Hi ! For some reason I can’t get SSH to work on my nitrokey 3. With the same secret subkey, when I import it to my PC, SSH works perfectly and I had no problems with it in the past.
If I delete it from my PC with gpg --delete-secret-keys DAD67EAC40369ABD! (the key is on nitrokey), then it doesn’t work anymore.
Running ssh -vT git@github.com gives me a log and in the end:
debug1: Authentications that can continue: publickey
debug1: Next authentication method: publickey
debug1: get_agent_identities: agent returned 1 keys
debug1: Will attempt key: (none) RSA SHA256:F3HmbEtjXq+rnFQTeFQdtm8DHfKfGElEf/HtuzSNpY0 agent
debug1: Will attempt key: /home/mantas/.ssh/id_rsa
debug1: Will attempt key: /home/mantas/.ssh/id_ecdsa
debug1: Will attempt key: /home/mantas/.ssh/id_ecdsa_sk
debug1: Will attempt key: /home/mantas/.ssh/id_ed25519
debug1: Will attempt key: /home/mantas/.ssh/id_ed25519_sk
debug1: Offering public key: (none) RSA SHA256:F3HmbEtjXq+rnFQTeFQdtm8DHfKfGElEf/HtuzSNpY0 agent
debug1: Server accepts key: (none) RSA SHA256:F3HmbEtjXq+rnFQTeFQdtm8DHfKfGElEf/HtuzSNpY0 agent
sign_and_send_pubkey: signing failed for RSA “(none)” from agent: agent refused operation
debug1: Trying private key: /home/mantas/.ssh/id_rsa
debug1: Trying private key: /home/mantas/.ssh/id_ecdsa
debug1: Trying private key: /home/mantas/.ssh/id_ecdsa_sk
debug1: Trying private key: /home/mantas/.ssh/id_ed25519
debug1: Trying private key: /home/mantas/.ssh/id_ed25519_sk
debug1: No more authentication methods to try.
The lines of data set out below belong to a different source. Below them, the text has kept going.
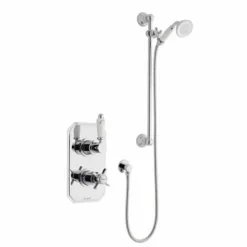 The Klassique Thermostatic Concealed Showers traditional style will suit most traditional bathrooms with round themes, ie round taps and radiators, with sleek, elegant, round lever handles and a stunning slide rail shower kit.
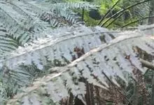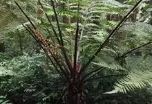 桫椤 R. M. Tryon),桫椤科桫椤属蕨类植物。茎干较高,上部有残存的叶柄;叶片大,呈长矩圆形;羽片互生,长矩圆形;叶脉在裂片上羽状分裂,基部下侧小脉出自中脉的基部;叶纸质,干后绿色。…全部>>
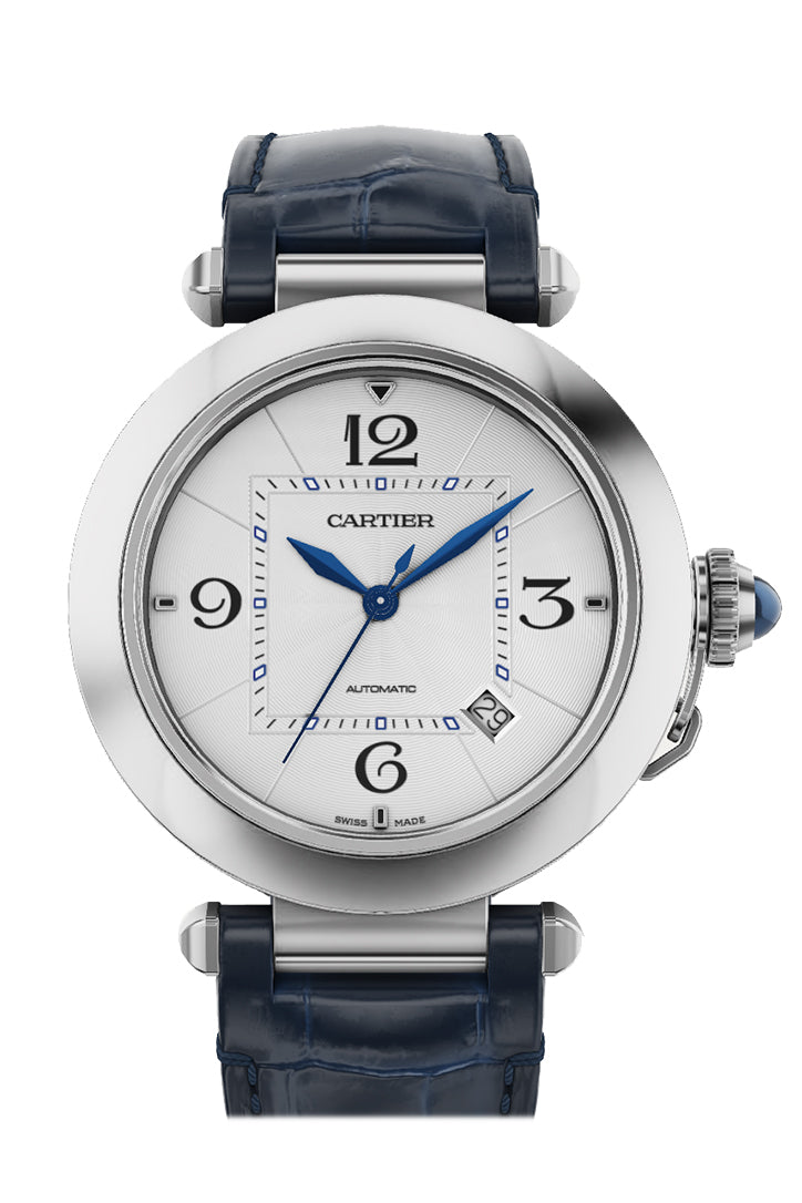 Cartier Steel Pasha Silver Dial Blue Croc WSPA0010

I tested the nitrokey works fine with GPG decryption.
I don’t get a prompt to enter the PIN or anything.
That being said, if the Nitrokey is not connected to my PC and I run this ssh command, then it will ask me to insert this key with ID … If I insert and confirm, I get the same result.
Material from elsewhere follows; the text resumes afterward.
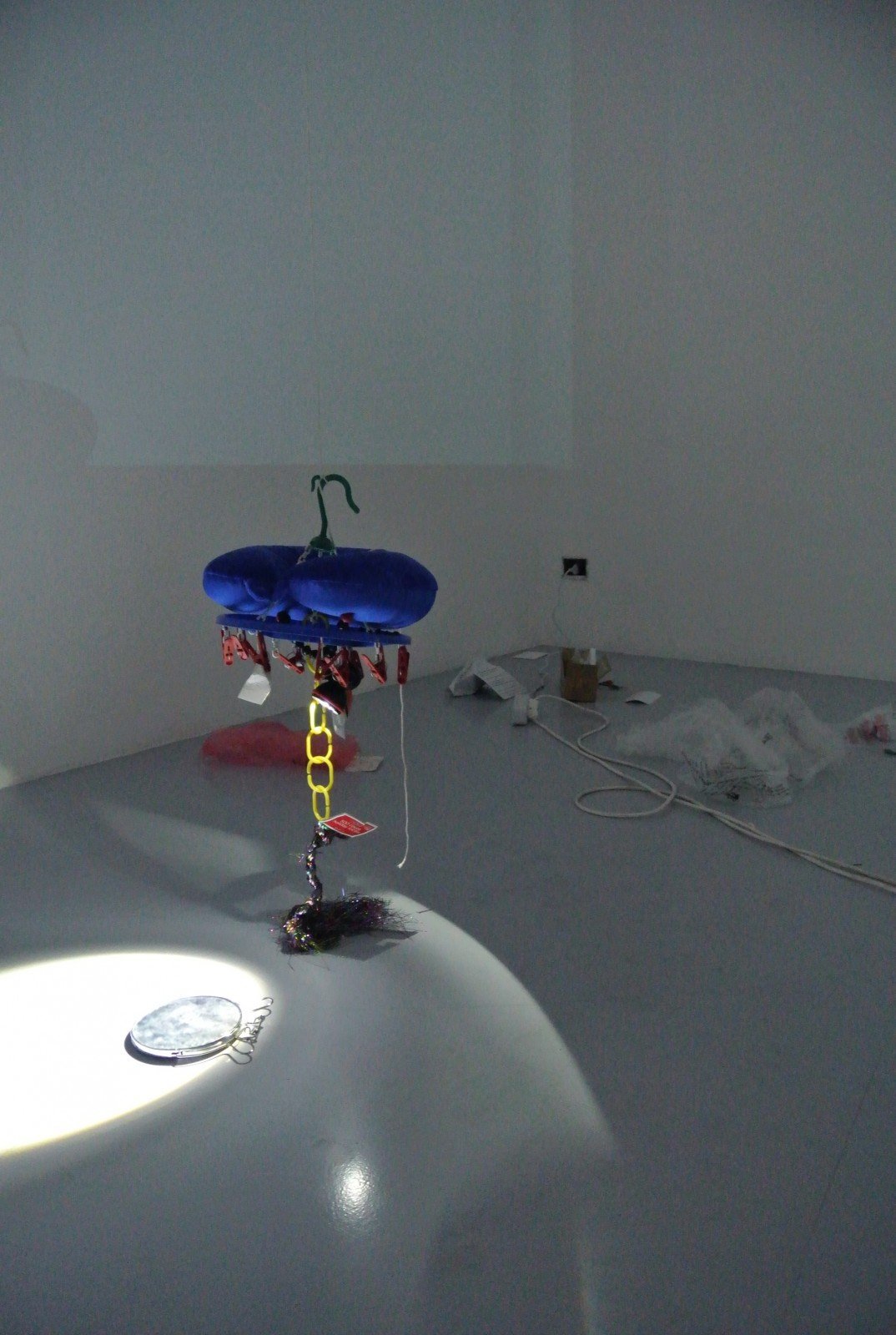 - Trisha Baga, Mouth, 2014, 2 x 3-D video projections + installation with various objects, 1: 24:43 min., 2: loop Dimensions variable. Detail.

When I import the subkey to my PC (and everything works), this is what ssh -vT git@github.com gives me (end):
debug1: Authentications that can continue: publickey
debug1: Next authentication method: publickey
debug1: get_agent_identities: agent returned 1 keys
debug1: Will attempt key: (none) RSA SHA256:F3HmbEtjXq+rnFQTeFQdtm8DHfKfGElEf/HtuzSNpY0 agent
debug1: Will attempt key: /home/mantas/.ssh/id_rsa
debug1: Will attempt key: /home/mantas/.ssh/id_ecdsa
debug1: Will attempt key: /home/mantas/.ssh/id_ecdsa_sk
debug1: Will attempt key: /home/mantas/.ssh/id_ed25519
debug1: Will attempt key: /home/mantas/.ssh/id_ed25519_sk
debug1: Offering public key: (none) RSA SHA256:F3HmbEtjXq+rnFQTeFQdtm8DHfKfGElEf/HtuzSNpY0 agent
debug1: Server accepts key: (none) RSA SHA256:F3HmbEtjXq+rnFQTeFQdtm8DHfKfGElEf/HtuzSNpY0 agent
ASKS PASSWORD -----------------
Authenticated to github.com ([140.82.121.4]:22) using "publickey".
debug1: channel 0: new session [client-session] (inactive timeout: 0)
debug1: Entering interactive session.
debug1: pledge: filesystem
debug1: client_input_global_request: rtype hostkeys-00@openssh.com want_reply 0
[...]
I have read through the docs and did all of the stuff there and here
Why does it work when the subkey is on my PC but not when it’s on my nitrokey ? How do I debug further?